The provincial government withdrew Lorne Grabher’s licence plate – it reads simply, “Grabher” – after officials agreed with a complainant that it was a “socially unacceptable slogan.”
In an affidavit filed this month in support of his constitutional challenge of the decision, Grabher cited Halifax Water transit ads headlined “Our minds are in the gutter,” “Powerful sh*t,” and “Be proud of your Dingle,” the last one a reference to a prominent waterfront tower.
“In my view, it is glaringly arbitrary and hypocritical for government to engage in such vulgar expression, when I am prohibited from displaying my surname on a licence plate,” he says in the affidavit, filed in Nova Scotia Supreme Court.
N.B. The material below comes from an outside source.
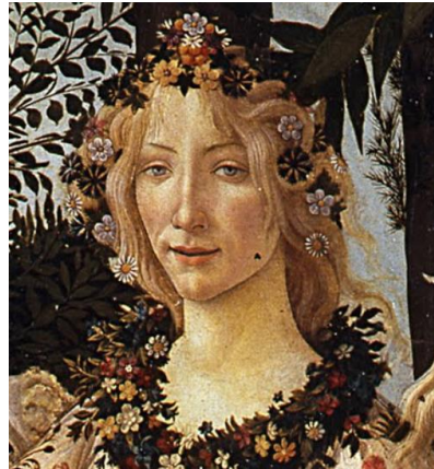
Görsel 8. Flora, (Detay)

Çiçek ve bahar tanrıçası "Flora, Roma'ya Sabin'lerden gelme bir tanrıçadır. Çiçek açan her bitkinin yönetimi onun elindedir. Şair Ovidius Flora üstüne Yunan mythoss'undan esinli bir öykü anlatır: Flora aslında Khloris adlı bir Nympha imiş, rüzgâr tanrı onu görüp kaçırılmış ve evlenmiş. Her türlü bitki ve çiçek üstünde egemenliği başılamış Flora'ya. Ama Flora'nın gücü bununla da kalmamış, tanrı Mars'ın doğmasına önemli bir etken olmuş: Jüpiter'in Minerva'yı kendi kafasından çıkarmasına içerleyen İuno erkek araya girmeden bir çocuk doğurmak istemiş tek başına, bunun için Flora'ya başvurmuş. Flora da bir kadına dokununca onu gebe bırakan bir çiçek vermiş İuno'ya, tanrıça da kendi kendine Mars tanrını getirmiş meydana. Romalılar yılın ilk ayına Mars (mart) adını vererek onun Flora ve baharla ilişkisini belli etmek istemişlerdir. Flora'nın onuruna Roma'da Floralia şenlikleri düzenlenirdi. Nisan sonunda başlayıp mayıs ayına kadar süren bu şenlikler büyük bir coşkunklukla kutlanırdı.

READ MORE: Controversial ‘GRABHER’ licence plate case back in N.S. court
He cited “government-regulated” place names including Dildo, Red Indian Lake, and Blow Me Down Provincial Park in Newfoundland and Labrador; Crotch Lake and Swastika in Ontario; and Old Squaw Islands in Nunavut.
He also cited Sandy Hook, Manitoba, saying the name has become affiliated with gun violence after the 2012 school shooting at Sandy Hook Elementary School in Connecticut.
Grabher’s battle is supported by the Alberta-based Justice Centre for Constitutional Freedoms, which argues that the wording of regulations for personal licences are so vague they violate freedom of expression guarantees in the Charter of Rights.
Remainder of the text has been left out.